Ringfencing the Roof of the World's Waters
July 26, 2020 3:11 AM   Subscribe

Asia's vital rivers - "The headwaters of 10 major rivers originate near some of Earth's highest points. Known as the world's 'third pole', the land of Mount Everest and other peaks holds the largest concentration of perennial ice outside of the polar regions. Along with snow and rain from the mountains, this ice helps supply the river basins below that support the water, food, and energy needs of almost two billion people."

from natgeo: more...
  • Tibet's Rivers Will Determine Asia's Future - "At the dawn of a new era of building dams on the Yarlung Tsangpo, countless lives and ecosystems are being risked in the name of 'development' and geopolitics."
  • China Leverages Tibetan Plateau's Water Wealth - "China, by building giant dams and other diversion structures on international rivers that start in Tibet, is becoming Asia's upstream water controller. This action is arming Beijing with increasing leverage over the countries critically dependent on river flows from the Tibetan Plateau."[1,2]
  • China Limited the Mekong's Flow. Other Countries Suffered a Drought. - "New research show that Beijing's engineers appear to have directly caused the record low levels of water in Thailand, Laos, Cambodia and Vietnam."[3,4]
  • The Mekong River, Water Wars, and Information Wars - "The accusation made by the cartoons is more specific: It is that China used its dams deliberately to choke off the water supply to those downstream... But is the study true? At best, that remains to be seen."
  • China-India border dispute: is Pakistan about to enter the fray? - "The disputed Himalayan territory also houses the glaciers that feed the River Indus and its tributaries, providing water for the world's biggest irrigation system on which 270 million people in India and Pakistan depend. However, multiple climate change studies have found that most of the glaciers there are melting at an alarming rate, and could reach 'peak water' flow anytime from 2050 onwards, before going into decline. Meanwhile, population growth in India and Pakistan will increase both demand and competition for the increasingly scarce shared natural resource. ... The World Bank-mediated 1960 Indus Waters Treaty (IWT), which stipulates how India and Pakistan manage their shared water resource, was already 'under growing pressure from both sides, which believe it is unfair and outdated', Kugelman said. In response to India building a dam on the River Jhelum, a tributary allocated to Pakistan under the IWT which acts as the LOC boundary in western Kashmir, Islamabad has reasserted its water rights with Beijing's help."[5,6]
  • Battle in the Himalayas - "China and India are locked in a tense, deadly struggle for advantage on their disputed mountain border."
also btw...
  • Egypt, Sudan, Ethiopia deadlocked on Nile dam in new talks - "The dam is the centrepiece in Ethiopia's bid to become Africa's biggest power exporter, but has sparked concerns in Cairo that Egypt's already scarce supplies of Nile waters, on which its population of more than 100 million people is almost entirely dependent, would be further restricted."
  • Sudan says Ethiopia denies filling the Renaissance dam reservoir - "Sudan and Egypt both fear the $4 billion hydroelectric dam could lead to water shortages in their own nations."
  • On Point: A Framework for Ending The Egypt-Ethiopia Nile Water War - "What is to be done? A war between east Africa's two most powerful nations would be a disaster for both but especially Sudan, which lies between them. In late January 2020, the Trump administration, acting as an 'external mediator', tried to hammer out a 'joint responsibility agreement' for managing drought crises. The U.S. has good relations with Egypt and Ethiopia. The deal didn't gel -- but the idea of guaranteeing Egypt water during a drought is a rational approach." (via)
posted by kliuless (6 comments total) 19 users marked this as a favorite
 
The idea of "the water wars" has been a thing that has been lurking in the future for a while now. I wish there were better management of this, but that suggests a functioning global management structure which does not exist.

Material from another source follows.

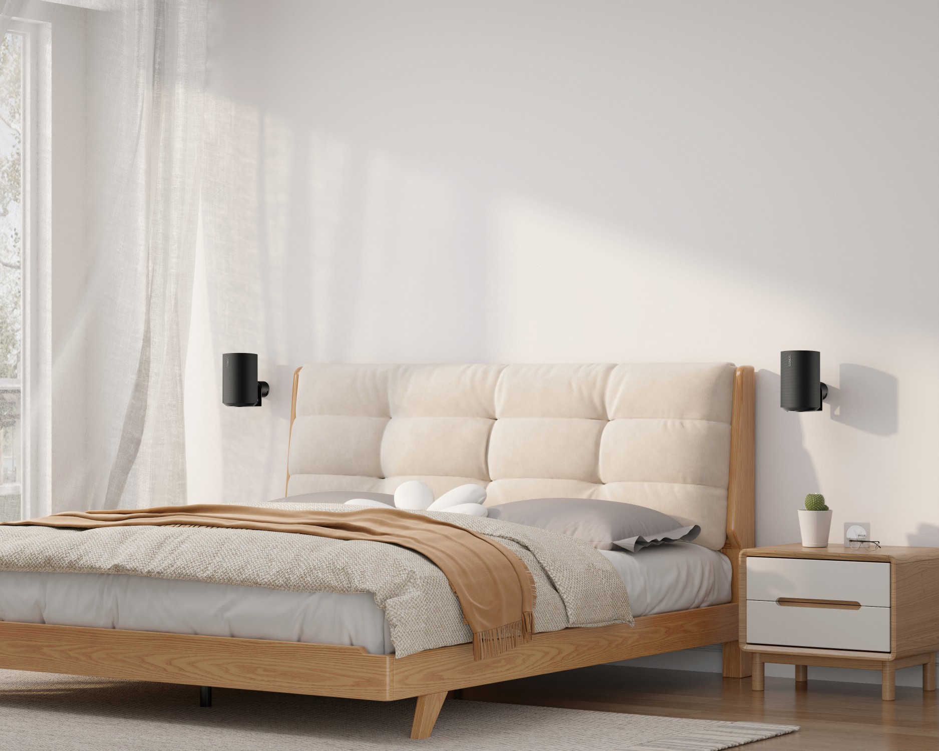 Das Lautsprecher-Wandhalterungs-Set von ARLI ist kompatibel mit den Sonos Era 100 und Era 300 Lautsprechern. Die Halterungen ermöglichen eine Neigung, Schwenkung und eine 360-Grad-Drehung, um den gewünschten Hörwinkel individuell einzustellen. Die Montage ist einfach, und das integrierte Kabelmanagement trägt zu einem aufgeräumten Gesamtbild bei, passend für unterschiedliche Wohn- und Arbeitsumgebungen.

The coming decades are going to be a challenge.
posted by hippybear at 3:50 AM on July 26, 2020 [5 favorites]


Water wars have long been known to be a problem, in India.
posted by infini at 4:13 AM on July 26, 2020 [3 favorites]


you are knocking it out of the park with these posts, kliuless!
posted by supermedusa at 10:44 AM on July 26, 2020 [1 favorite]


The battle in the Himalayas went on with sticks and rocks on high ridgelines, with soldiers from both sides falling to their deaths off the sides of steep mountains.
posted by Oyéah at 3:38 PM on July 27, 2020


The next US-China battleground: Chinese dams on the Mekong River? - "China has 11 dams upriver and is proposing to build many more."
posted by kliuless at 10:45 PM on August 6, 2020


Dam it: Fighting over Nile water - "But this trilateral dispute is about more than just water — and even the US and China are getting involved. Why is the this dam such a big deal, and what happens next?"
The threat of conflict has outside players worried. A US-brokered deal to end the dispute collapsed in February because Ethiopia found it one-sided in favor of Egypt, a longtime US ally. Washington may now use foreign aid to coax Ethiopia into a more flexible bargaining position. Beijing also has a stake because it wants to protect multiple Chinese infrastructure investments in the region — including several that depend on the dam itself (which Ethiopia has paid for on its own, by the way).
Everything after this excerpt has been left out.